In his report of Oct. 31, 1900, Señor Gener, the Secretary of Justice, said:

"The political system which had prevailed in Cuba for four centuries, having been essentially modified, the sovereignty which served as its foundation having been destroyed, the necessity for the modification of legal procedure became, and continues to be, necessary. Cuba cannot readily and methodically make political progress while hampered by embarrassing legal methods. Judicial forms should not be the same in countries which are under a colonial system, as they are in countries which have freed themselves from the dominion of the nation which controlled them. The judicial forms which might be good, or at least adequate, for Cuba as a Spanish colony, could not be equally good for a Cuba which had been emancipated from Spanish control."

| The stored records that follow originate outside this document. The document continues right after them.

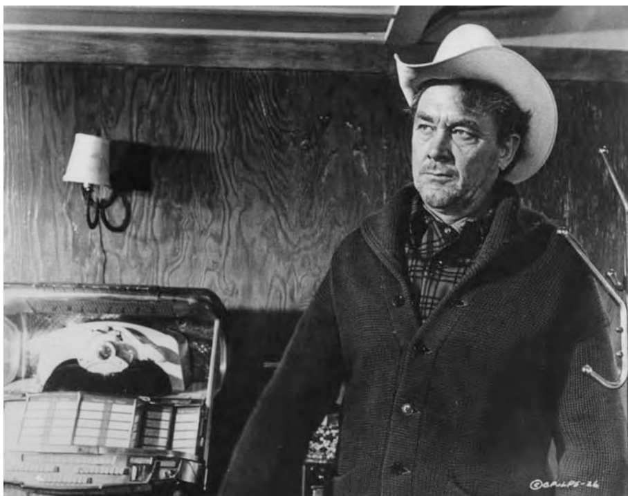
Ben Johnson in THE LAST PICTURE SHOW

tions. Often connected to a niche consciousness, the standard-bearers of independent cinema consequently helped to establish a niche market, which could then easily be appropriated or inhaled by the mainstream industry. The important "Indie" companies of the Eighties and Nineties are today part of or closely associated with major studios. In addition, the studios themselves have set up their own labels to cater to the (formerly) "independent" market. In Late Capitalism, the so-called alternatives almost always turn out to be mere variations of one and the same economic logic.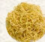
E-Fu Noodles 伊面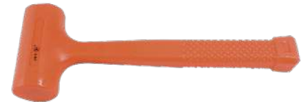
320Z DEAD BLOW HAMMER JET-740914 REG. $52 $24.00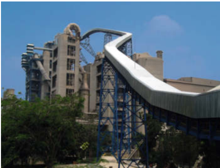
Indocement Tunggal Prakarsa, Indonesia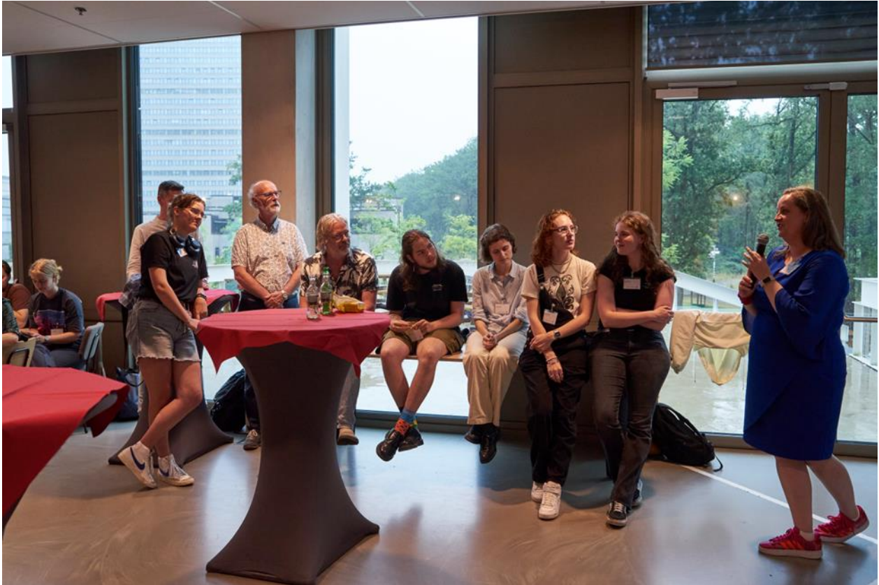
12 USA Nijmegen students and staff presenting sights and sounds of the American Studies trip to New Orleans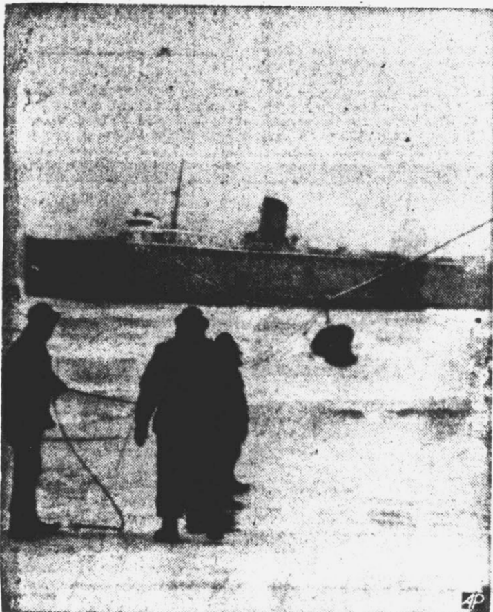
The car ferry City of Flint was aground at Ludington, Mich., with four passengers and a 42-man crew aboard following a severe lake storm which took a heavy toll of lives. Coast Guardsmen have just attached a breeches buoy to the vessel. At least 88 persons were known to be dead in the cold waters of Lake Michigan and the frozen marshlands of the Great Lakes region.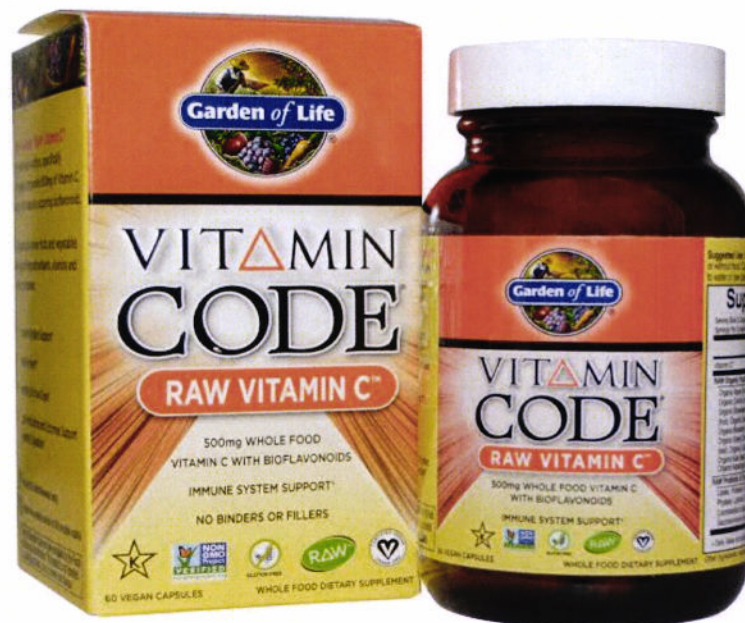
Figure 5. Unregistered GARDEN OF LIFE VITAMIN CODE Raw Vitamin C 500mg Whole Food Vitamin C with Bioflavonoids Dietary Supplement (60 vegan capsules)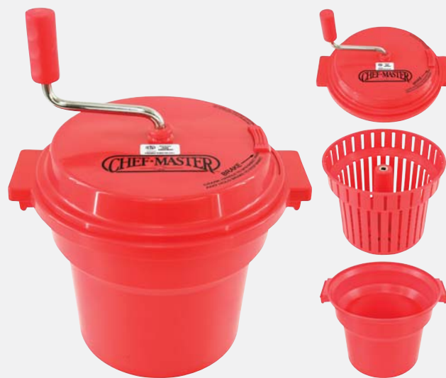
Item No: 90012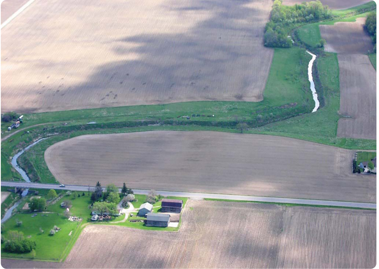
The Conservation Reserve Program (CRP) establishes and maintains vegetative conservation cover on highly erodible and environmentally sensitive land.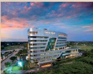
RUMAH SAKIT PONDOK INDAH BINTARO JAYA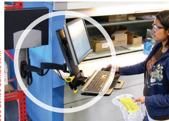
200 Series Combo Arm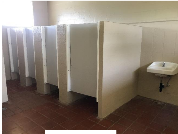
Petrie Community Park

This explanation and apology for the alteration of the existing laws holds good as a general proposition. But the fact remained that Cuba was still, in effect, a colonial government notwithstanding its change of governors. So long as the authority of last resort lay with an individual Military Governor whose power dominated that of all courts and all written laws, it was impossible for either courts or law to perform that part in national life, which, under a republican form of government, is supposed to be their proper function. So long as individual power remains ultimate and supreme, judicial proceedings will rest upon that as a basis rather than upon proclaimed and written laws. The attitude of the Military Governor toward the insular judiciary was one of distrust of either their honesty or their ability, or of both. His interference with legal proceedings was a matter of frequent comment and frequent criticism.